On December 17, 1903, the Wright Flyer biplane aeroplane made the first powered, sustained, controlled, heavier-than-air flights at Kill Devil Hills, North Carolina, U.S of A.

After weeks of delays caused by broken propeller shafts at Kill Devil Hills–two trips back to Dayton, Ohio to get replacements–Wilbur Wright won a coin toss over brother Orville for the right to fly the aircraft.

December 13 was the perfect day weather-wise for flight, but because it was a Sunday, and their Christian beliefs forbade them from working on the Lord’s Day, they waited a day.

Coincidentally, December 14 was the 121st anniversary of the Montgolfier Brothers first test flight of their balloon on December 14, 1782. You can read about that achievement HERE.

On December 14, 1903, the Wright Flyer stalled on takeoff enabling only a three-second flight attempt. The takeoff for the plane, since the bicycle builders failed to include wheels, was via a slingshot mechanism that added oomph to the aircraft’s engine to give it speed to achieve lift… so a stalled engines sucked. What sucked more, was the damage the aircraft sustained.

Wilbur believed that his flight could have easily been a success, but chalked it up to his own inexperience with flying, and with the aircraft in general. Of course, who can blame him… this was all new science.

It took the lads until Thursday, December 17, 1903 for the repairs to be completed, with the brothers making two flights each – for a total of four that day.

This time, Orville Wright took the controls… and at 10:35AM… taking off into a blustery and freezing headwind of 21 miles per hour (33.8 kilometers per hour), the Wright Flyer flew a distance of 120 feet (36.58 meters), covering it in 12 seconds, traveling through the air at a speed of 6.87 miles per hour (11.056 kilometers per hour)!

That’s it in the John T. Daniels photo at the very top, with Wilbur running alongside, as the Wright Flyer is about 3-feet (1-meter above the ground, and only about to clear the starting rail ! Magnificent!

As you can see in the photo, Orville Wright was lying on his stomach atop the biplane’s lower wing. His hips are in a ‘cradle’ device that helped him operate the wing-warping mechanism.

You can also see the starting rail in the sand, a coil box to start the engine, and wooden bench used to rest the right wing on.

What an amazing photograph. What an amazing achievement.

Just think… from being 3-feet (1-meter) above the ground in 1903, to a mere 66 years later when man took its first step onto Luna, our moon… it’s the most impressive leap in the progression of human intellectual evolution ever.

Of course, there were all those world wars, atomic obliteration(s), acts of terrorism and all that… with the wars, in particular, fast-tracking aeroplane evolution to jets, supersonic and of course space flight.

Wilbur flew next, traveling 175 feet (53.34 meters), with Orville going again traveling 200 feet (60.96 meters) – each flying about 10 feet (3 meters) above the unforgiving ground.

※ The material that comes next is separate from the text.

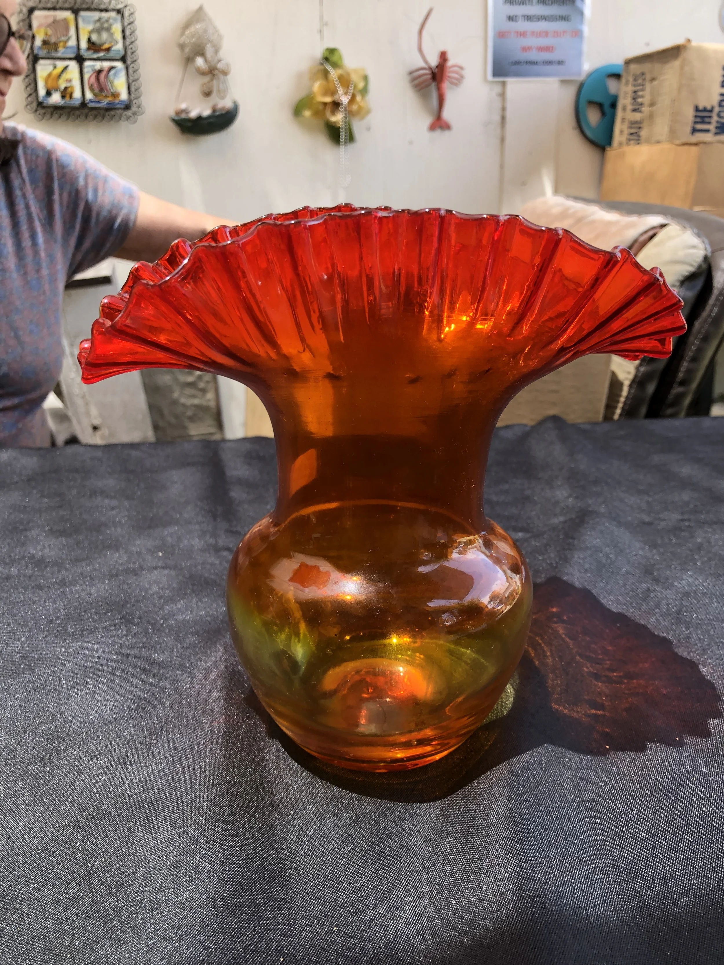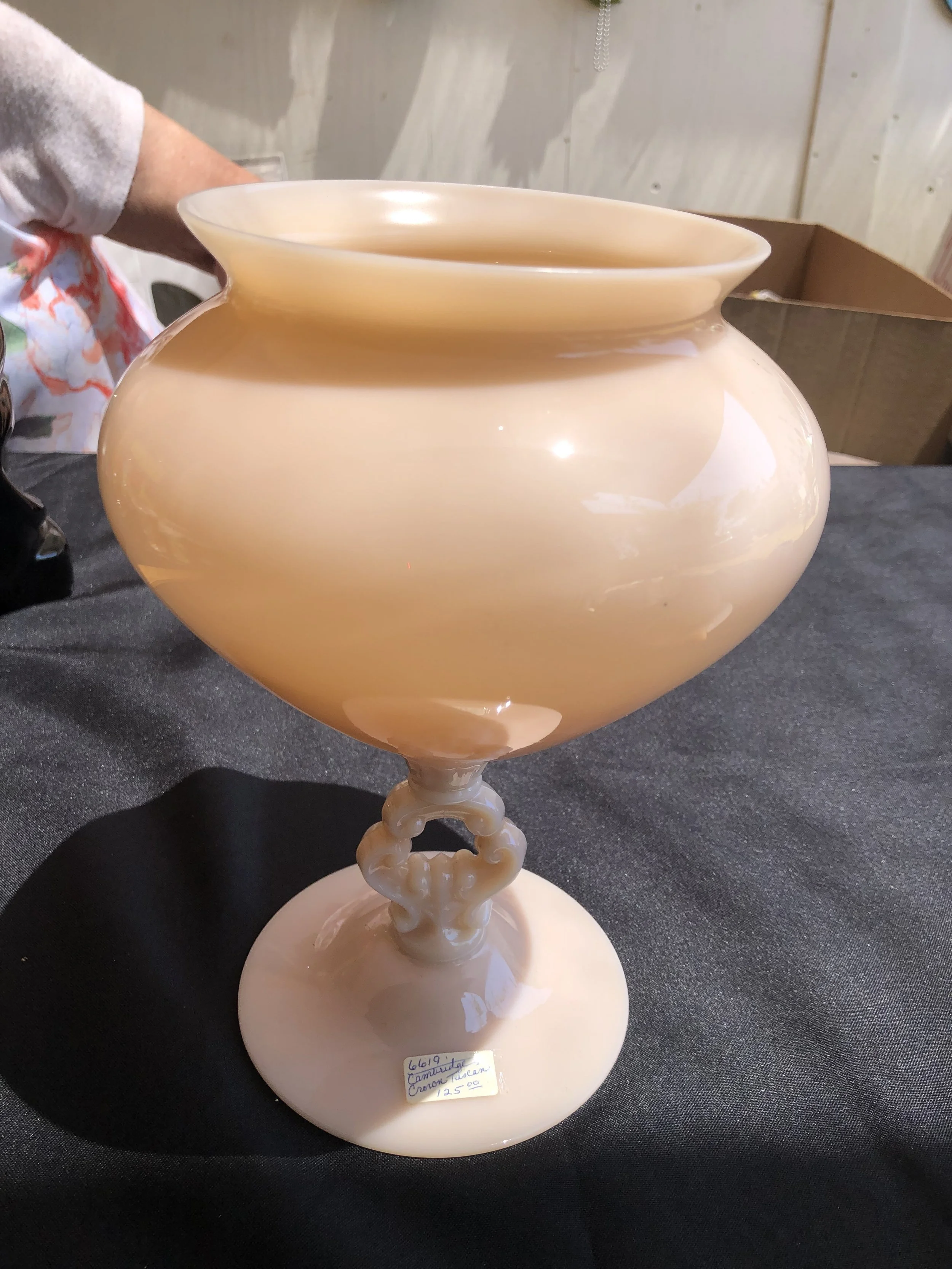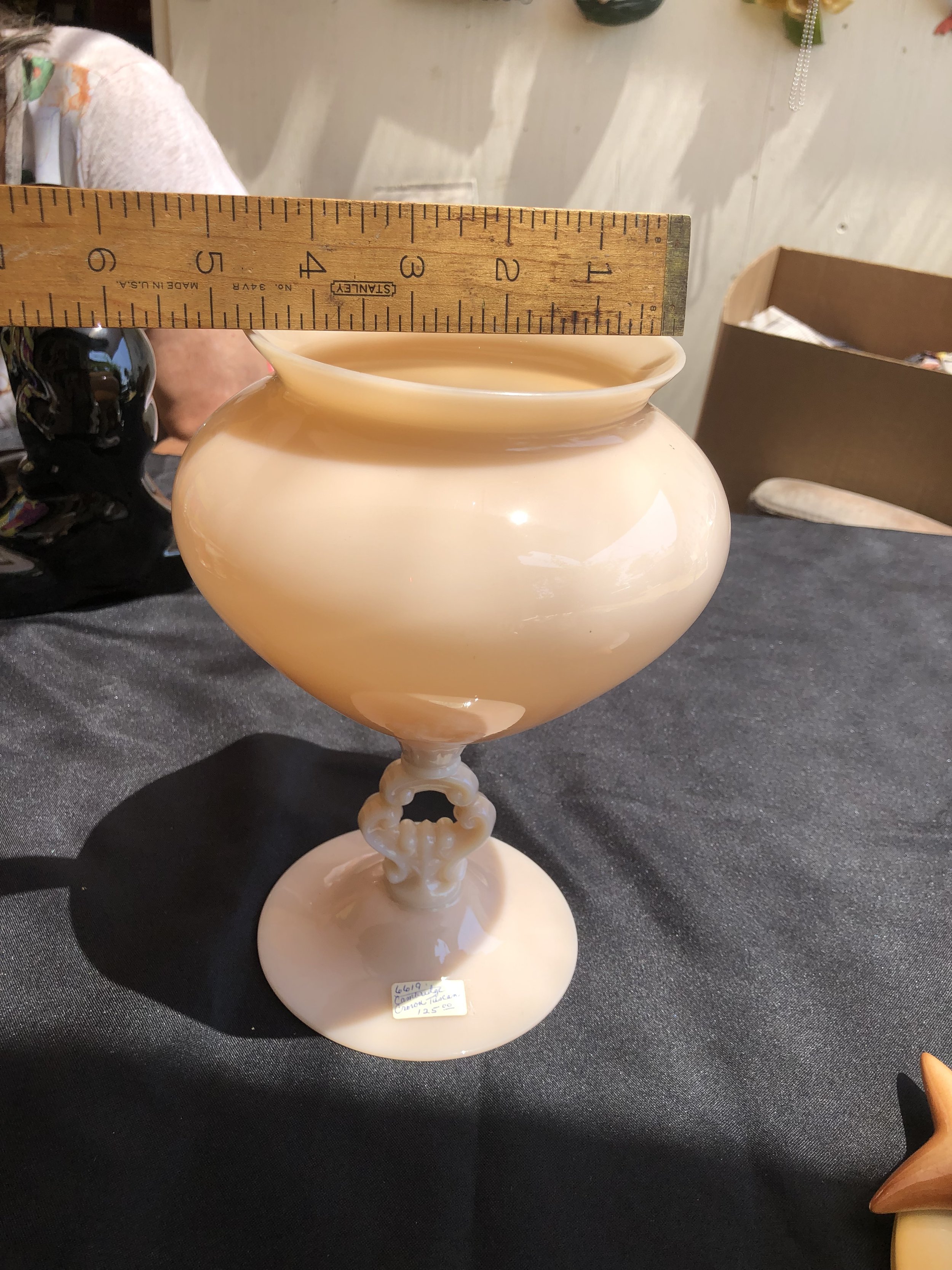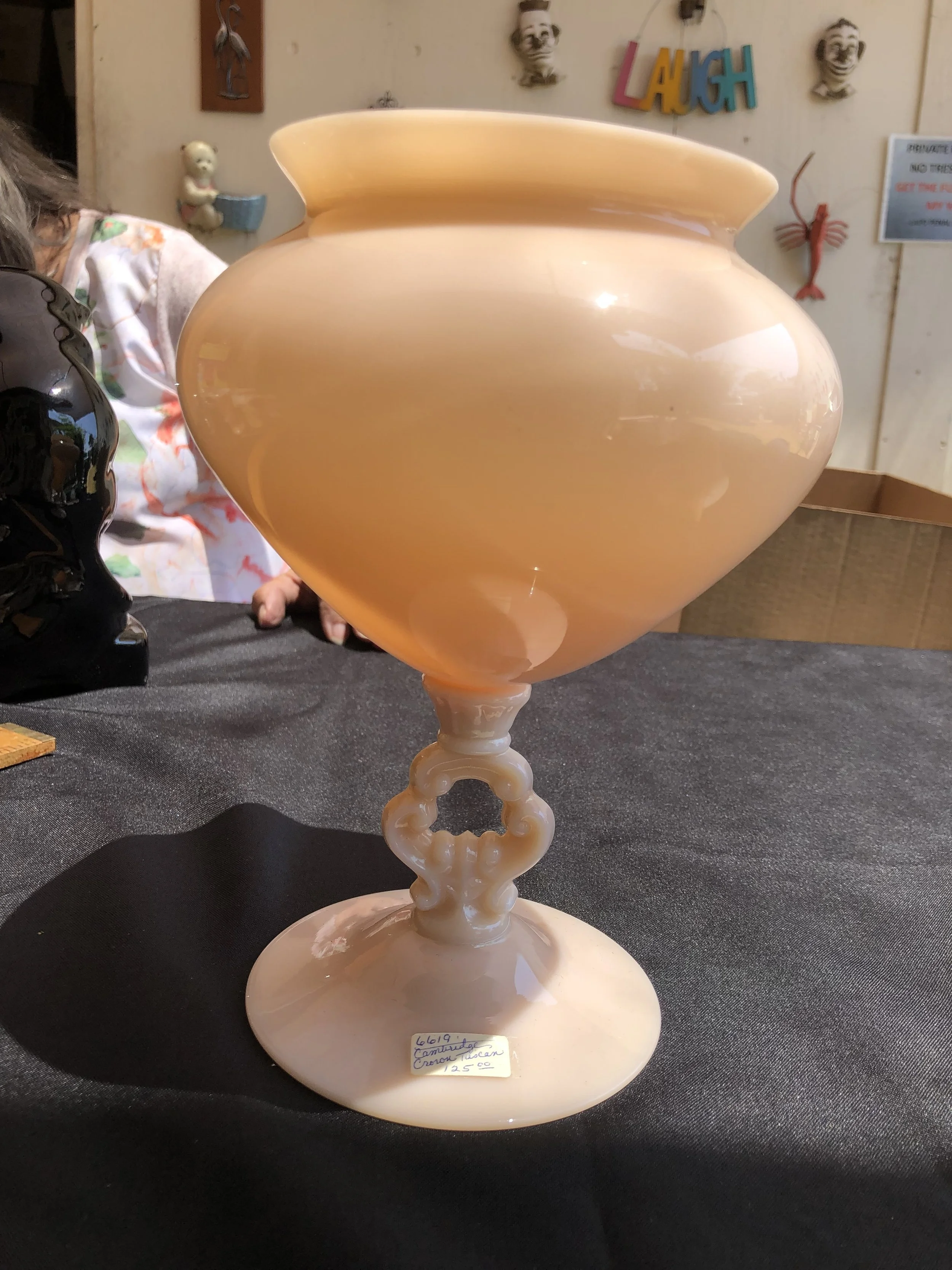 ART GLASS Categories: All ADVERTISING - PRINTED ANIMAL CREATURES ANTIQUE ART DECO - ART NOUVEAU ART GLASS AUTOMOTIVE - TRANSPORT BARBER - MENS VANITY BAR WARE - ASHTRAYS - LIGHTERS - CASES BELLS - BANKS BEVERAGE WARE BOOKENDS - DOORSTOPS BOTTLES - JARS - JUGS - PITCHERS BOWLS BOXES - TRINKET DISH BRAND NAME CANDLE HOLDERS CANDY DISH CARTOON - COMIC - MOVIE CERAMICS - PORCELAIN - BISQUE CLOCKS - WATCHES CLOISONNE - ENAMEL CLOTHING - PURSES - SEWING COLORED GLASS COOKIE JARS - CAKE & CHOP PLATES CRYSTAL - CUT - ETCHED - PRESSED DISH SETS ELF - PIXIE - FAIRY EMBROIDERY - NEEDLEPOINT - SEWING FiGURINE - STATUE FLOWER FROG - PAPER WEIGHT - SNOW GLOBES FOREIGN GLASSWARE HISTORIC - LOCATION - SOUVENIR HOLIDAY JEWELRY - SILVER - GOLD LAMPS - APPLIANCE METAL - TIN MILITARY - POLICE - POLITICAL MILKGLASS NATIVE AMERICAN PICTURES - PAINTINGS - HANGINGS PLASTIC - LUCITE - RESIN PLATES POTTERY - CEMENT - CLAY - CHALKWARE RECORDS - MUSIC RELIGIOUS - RITUAL SERVING - UTENSILS - KITCHEN SALT - PEPPER SIGNED SOAP, SAND, PRECIOUS STONE SPORTS - OLYMPICS SUGAR - CREAMER - TEA POT TOOTHPICK AND NAPKIN HOLDERS TOYS - DOLLS - GAMES TRIVETS - TILES - TRAYS VANITY - PERFUME - JEWELRY BOX VASE - PLANTER - WALL POCKET WOODEN All / Quick View Art Glass Large Blue Irridescent Glass Tray with Abstract Design $75.00 Quick View Huge Indiana Glass Marigold Carnival Glass Beverage Pitcher with Ice Lip - 1960s $45.00 Quick View Royal Ruby Depression Glass Vase with Ringed Middle - Anchor Hocking - 1938-1940 $18.00 Quick View Small Light Green Glass Basket $20.00 Quick View Fused Art Glass Plate Andra DuRee Martin with Fruit $30.00 Quick View Blenko Sea Green Crackle Glass Aqua Green Top Hat Art Glass $28.00 Quick View Soft Stone Potted Flower Arrangement $20.00 Quick View Anchor Hocking Pair - Forest Green Glass Stemmed Goblets $18.00 Quick View Cambridge Drape Pattern - Green and Crystal Stemmed Cocktail or Sherbet $10.00 Quick View Cambridge Glass Farberware Chrome Craft Cocktail Amethyst Stem $12.00 Quick View Fenton White Milk Glass Daisy and Button Basket with Split Twig Handle $22.00 Quick View Bayel Crystal - Bacchante Nude Champagne Glasses - Set of 4 - France $100.00 Quick View Green Depression Glass Candy Bowl with Etched Stars - 1930s $25.00 Quick View MCM Handblown Amethyst Top Hat - Rainbow Glass Company $25.00 Quick View Fenton Milk Glass Ruffled Candy Dish on Pedestal with Silvercrest Edge $25.00 Quick View Rueven Nouveau Art Glass 3 Point Bowl with Satin Stain Drip - 1960s $25.00 Quick View Jeanette Pink Depression Glass Salt Shaker $15.00 Quick View Vintage Fenton Daisy and Button Amberina Top Hat Glass Toothpick Holder Vase $30.00 Quick View Pair of French Gilt-Decorated Opaline Glass Vases - SOLD $200.00 Quick View Hand Blown Red, White, Orange w/ White Swirls Glass Bowl/Trinket Dish with Pontil - 1970s $25.00 Quick View Vintage Indiana Glass ~ Tea Room Clear Ruffled & Footed Vase - 1920-1929 $28.00 Quick View Antique Satin Glass Jack in the Pulpit Vase $35.00 Quick View Green and White Swirl Murano Art Glass Bowl $65.00 Quick View Vintage Fenton Uranium Glass Custard Glass Bell in Daisy and Buttons Pattern $25.00 Quick View Vintage Art Glass Blue and White Vase with Applied Handle - 1960s $12.00 Quick View Jeannette Doric Green Depression Glass Sherbet Dish - 1930-1938 $12.00 Quick View Murano MCM Fratelli Toso Style Turquoise Gold Butterfly Bowl $45.00 Quick View Pink Cambridge Glass Crown Tuscan Keyhole Vase - 1930s $80.00 Quick View Vintage Hand Blown Amberina Vase with Crimped Top (Blenko?) $75.00 Quick View 19th C. Victorian Bohemian Hand-Enameled Blue Opaline 11 ¾” Vase with Floral and Bird $250.00 Quick View MCM Vintage Fenton 2255 Art Glass Vase with Polka Dot Cranberry Opalescent - 1950s $55.00 Quick View Vintage 1960s Viking 6-Petal Blue Swung Glass Vase $30.00 Quick View Vintage MCM Viking Glass Dark Blue Double Crimped Edge Folded Bowl $28.00 Quick View Vintage LE Smith Crystal Clear Large Feather Fern Glass Bowl - 1940s $35.00 Quick View Vintage Fenton Pink Milk Glass Scroll Lace Plate with Reverse C Border $60.00 Quick View Rare Fenton Blue Cased Overlay Melon Vase with Ruffled Edge - 1940-1949 $45.00 Quick View 1970s - Soreno Chip and Dip Aquamarine Bowl Vintage Chip & Dip Set - Anchor Hocking - SOLD $100.00 Quick View Vintage 6 Petal Ruby Red Glass Compote or Candy Dish $12.00 Quick View MCM Vintage Blenko Glass Light Blue with Line Pattern Bowl $28.00 Quick View Antique Fenton Ming Glass Decanter Set with Two Glasses - 1930s $75.00 Quick View Fenton Hobnail Opalescent Double Crimped Glass Vase $25.00 Quick View Dansk International 1970s Mezza Filigrana Swirl Opaline Blue Art Glass Vase $28.00 Quick View Vintage Gold Glass Perfume Bottle with Green Stopper by Glass Act Studio $22.00 Quick View MCM Collectible Art Glass - Viking Console Bowl Emerald Green $40.00 Quick View MCM Anchor Hocking Princess Pattern Green Uranium Glass Shaker $25.00 Quick View Vintage Fenton Art Glass Colonial Blue Hobnail Cat Shoe Cobalt Blue $20.00 Quick View Vintage Murano Style Hand Blown Art Glass Set Of 10 Fruit And Vegetables (1970s) $75.00 Quick View Black Long Neck Art Glass Swan Figurines $18.00 Quick View Vintage Fenton Glass Red Amberina Hobnail Compot Rose Bowl $50.00 Quick View Large 15" Fenton Art Glass Avocado Green One Horn Epergne with Crimped Edge Hand Blown Flower Vase $150.00 Quick View Fenton Art Glass Silver Crest Ruffled Candy Dish or Bowl - White Milk Glass $45.00 Quick View Small Round Crystal Cut Green Overlay Bowl $18.00 Quick View Heavy Egg-Shaped Paperweight – Crystal with Center Drop and Multi-Colored Swirls $28.00 Quick View Fiery Red Swimming Fish Surrounded by Bullicante Bubbles Paperweight $15.00 Quick View Dark Purple, Gold, Splattered White Glass Paperweight $15.00 Quick View Tozai – Hand-Crafted Plum Satin Glass with Applied Green Tree $25.00 Quick View Murano Glass Copper and Green Paperweight $40.00 Quick View Consolidated Glass Bowl – Fruit and Leaves $65.00 Qui

Here’s what Orville Wright had to say about the fourth and final flight of the day, this one piloted by Wilbur:

“Wilbur started the fourth and last flight at just about 12 o’clock. The first few hundred feet were up and down, as before, but by the time three hundred ft had been covered, the machine was under much better control. The course for the next four or five hundred feet had but little undulation. However, when out about eight hundred feet the machine began pitching again, and, in one of its darts downward, struck the ground. The distance over the ground was measured to be 852 feet (259.69 meters); the time of the flight was 59 seconds. The frame supporting the front rudder was badly broken, but the main part of the machine was not injured at all. We estimated that the machine could be put in condition for flight again in about a day or two.”

For all four flights that day of December 17, 1903, five people were witness… who the hell would want to leave?

  • W.C. Brinkley, a local lumber merchant from Manteo, NC;
  • John T. Daniels (he used a Gundlach Korona box camera that Orville Wright had pre-positioned) of the  coastal guard Kill Devil Hills Life Saving Station (it merged with the US Coast Guard in 1915);
  • Will O. Dough of the coastal guard Kill Devil Hills Life Saving Station;
  • Adam D. Etheridge of the coastal guard Kill Devil Hills Life Saving Station;
  • Johnny Moore, 16, local teenager from Nag’s Head. NC. who was walking along the beach when he came across the Wright Brothers getting ready to test their flying machine. I’m pretty sure he should have been in school… or working.

After retrieving the aircraft, a just of wind blew the Wright Flyer end over end badly damaging the aircraft resulting in a halt to further attempts.

Below is a photograph at Kill Devil Hills, North Carolina honoring the achievement, with a large memorial at the top of the hill.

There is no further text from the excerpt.